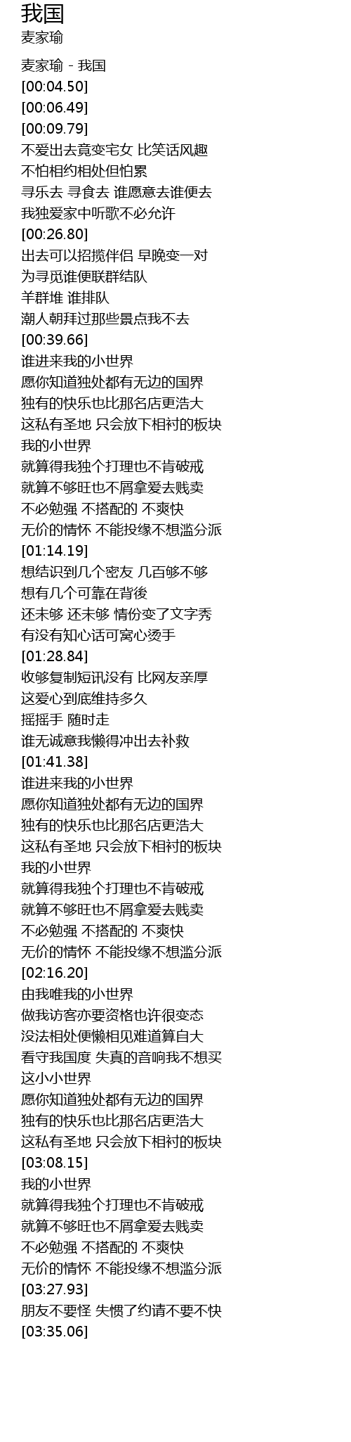 | [03:08.37] | 我的小世界 |
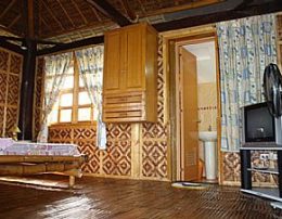 Each room is equipped with cable TV , refrigerator, and electric fan (there is no need of an A/C due to the prominent location directly on the beach with it’s own fresh and natural breeze), and we now have internet connection. The rooms have their own Toilets and Baths inside. The huts are big and can accommodate groups or big families of up to 8 to 12 people. We also have installed a movable divider door between the two huts, so if the need arises we can combine the two rooms and convert them into one huge room, good to hold a conference or seminar for 25 to 30 people. In front of the huts there is a long and comfortable beachfront terrace, where you can enjoy the view of the outlying islands of Siquior and Apo.
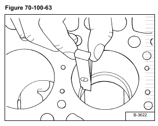 Install new piston ring into the lower part of the cylinder bore. Measure the ring gap with a feeler gauge [Figure 70-100-63].
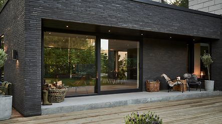 Modsat det store vinduesparti ud imod skoven er der indsat en stor skydedør ud imod den roligere have, hvor vinden rusker knap så meget. Her åbner familien op til sommerens milde vejr, så ude og inde flyder sammen. For det er netop det, en stor skydedør kan. Den skal gøre haven og terrassen let tilgængelig, så man kan nyde udeområdet og også på den måde invitere naturen ind, samtidig med at stuen udvides. Familien har i dette tilfæde valgt en ASS 70.HI hæve-sænke skydedør, som er nem at betjene, og som kan åbnes og lukkes uden store anstrengelser. Døren stopper dog automatisk op, før den lukker helt i, så små børnefingre ikke risikerer at blive klemt.
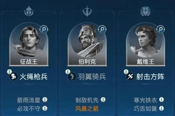 组合可在偏攻击和偏生存中选择,没有任何限制。之后,以戴维王前锋位置不变,中期任何金色进攻,智力、辅助型英雄都可进行进阶替换,直至目标达成为止。戴维王和雷欧尼达一样,百搭型前锋,前中后期过渡非常丝滑。
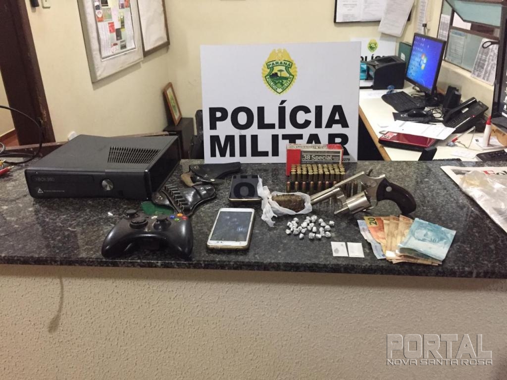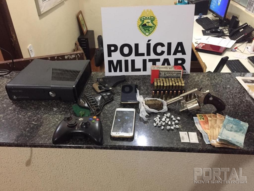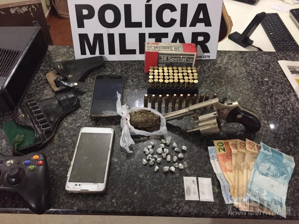 Foram apreendidos também duas giletes usadas para processar entorpecente, um celular branco de marca Multilaser, um celular preto sem marca, um videogame X Box preto com controle e fonte de energia, dois coldres velados para acomodar arma e munições.
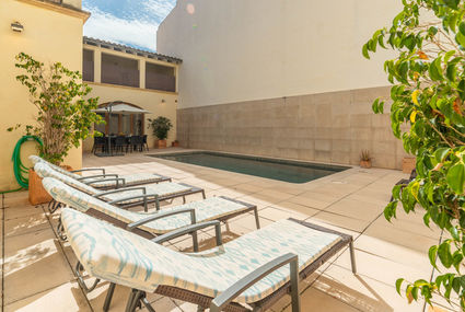 Sa Pobla: Very large, beautiful, comfortable house "Can Campins", 2 storeys. In the centre of Sa Pobla, excellent location: right in the centre but still quiet, in the heart of the city, 10 km from the beach. Private: swimming pool angular (7 x 4 m, depth 120 - 180 cm, seasonal availability: 01.Jan. - 31.Dec.). WC in the pool area, outdoor shower, arbour, pergola, terrace, garden furniture. In the house: internet access, WiFi, storage room for bicycles, central heating system, washing machine, drying room. Shop, grocery 150 m, supermarket 300 m, restaurant, bar 150 m, bakery 170 m, pedestrian zone 1 m, pub garden 150 m, 1 minute walk to the centre, railway station 1 km, sandy beach 10 km. Sports harbour 15 km, marina 15 km, golf course (18 hole) 20 km. Please note: suitable for families, suitable for seniors. Object suitable for 8 adults groups of teenagers on request only. Part of the house is closed and unoccupied. Railway line closeby 850 m from the property. Airfield 51 km from the property.Availability
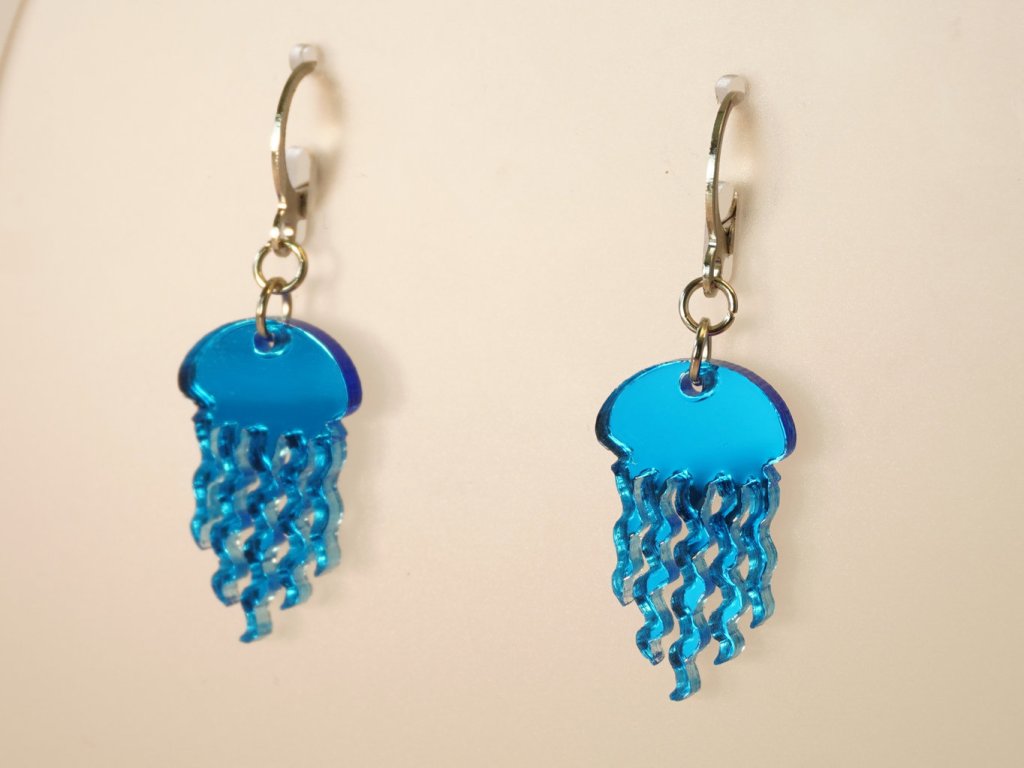 Stylové visací náušnice ve tvaru hravých medúz, vyrobené z modrého zrcadlového akrylu. Díky lehkému materiálu jsou náušnice pohodlné na nošení po celý den, a přitom zůstávají výrazným designovým doplňkem.
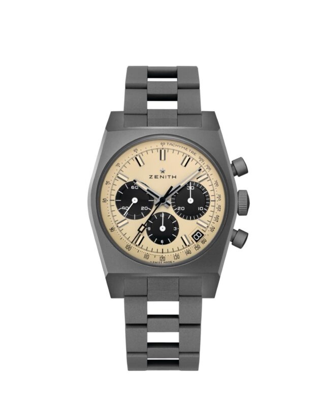 ゼニスはこれまでに3つの限定モデルを製作しており、今回は第4弾となります。最新作は『ルパン三世』に登場した時計をより忠実に再現し、マイクロブラスト仕上げを施したマットブラックのチタンケースを採用。

:: Exercise goal ::
Print each entry above exactly. The pictures should not be printed.

:: Response to this exercise ::
 | [03:08.37] | 我的小世界 |
 Each room is equipped with cable TV , refrigerator, and electric fan (there is no need of an A/C due to the prominent location directly on the beach with it’s own fresh and natural breeze), and we now have internet connection. The rooms have their own Toilets and Baths inside. The huts are big and can accommodate groups or big families of up to 8 to 12 people. We also have installed a movable divider door between the two huts, so if the need arises we can combine the two rooms and convert them into one huge room, good to hold a conference or seminar for 25 to 30 people. In front of the huts there is a long and comfortable beachfront terrace, where you can enjoy the view of the outlying islands of Siquior and Apo.
 Install new piston ring into the lower part of the cylinder bore. Measure the ring gap with a feeler gauge [Figure 70-100-63].
 Modsat det store vinduesparti ud imod skoven er der indsat en stor skydedør ud imod den roligere have, hvor vinden rusker knap så meget. Her åbner familien op til sommerens milde vejr, så ude og inde flyder sammen. For det er netop det, en stor skydedør kan. Den skal gøre haven og terrassen let tilgængelig, så man kan nyde udeområdet og også på den måde invitere naturen ind, samtidig med at stuen udvides. Familien har i dette tilfæde valgt en ASS 70.HI hæve-sænke skydedør, som er nem at betjene, og som kan åbnes og lukkes uden store anstrengelser. Døren stopper dog automatisk op, før den lukker helt i, så små børnefingre ikke risikerer at blive klemt.
 组合可在偏攻击和偏生存中选择,没有任何限制。之后,以戴维王前锋位置不变,中期任何金色进攻,智力、辅助型英雄都可进行进阶替换,直至目标达成为止。戴维王和雷欧尼达一样,百搭型前锋,前中后期过渡非常丝滑。
 Foram apreendidos também duas giletes usadas para processar entorpecente, um celular branco de marca Multilaser, um celular preto sem marca, um videogame X Box preto com controle e fonte de energia, dois coldres velados para acomodar arma e munições.
 Sa Pobla: Very large, beautiful, comfortable house "Can Campins", 2 storeys. In the centre of Sa Pobla, excellent location: right in the centre but still quiet, in the heart of the city, 10 km from the beach. Private: swimming pool angular (7 x 4 m, depth 120 - 180 cm, seasonal availability: 01.Jan. - 31.Dec.). WC in the pool area, outdoor shower, arbour, pergola, terrace, garden furniture. In the house: internet access, WiFi, storage room for bicycles, central heating system, washing machine, drying room. Shop, grocery 150 m, supermarket 300 m, restaurant, bar 150 m, bakery 170 m, pedestrian zone 1 m, pub garden 150 m, 1 minute walk to the centre, railway station 1 km, sandy beach 10 km. Sports harbour 15 km, marina 15 km, golf course (18 hole) 20 km. Please note: suitable for families, suitable for seniors. Object suitable for 8 adults groups of teenagers on request only. Part of the house is closed and unoccupied. Railway line closeby 850 m from the property. Airfield 51 km from the property.Availability
 Stylové visací náušnice ve tvaru hravých medúz, vyrobené z modrého zrcadlového akrylu. Díky lehkému materiálu jsou náušnice pohodlné na nošení po celý den, a přitom zůstávají výrazným designovým doplňkem.
 ゼニスはこれまでに3つの限定モデルを製作しており、今回は第4弾となります。最新作は『ルパン三世』に登場した時計をより忠実に再現し、マイクロブラスト仕上げを施したマットブラックのチタンケースを採用。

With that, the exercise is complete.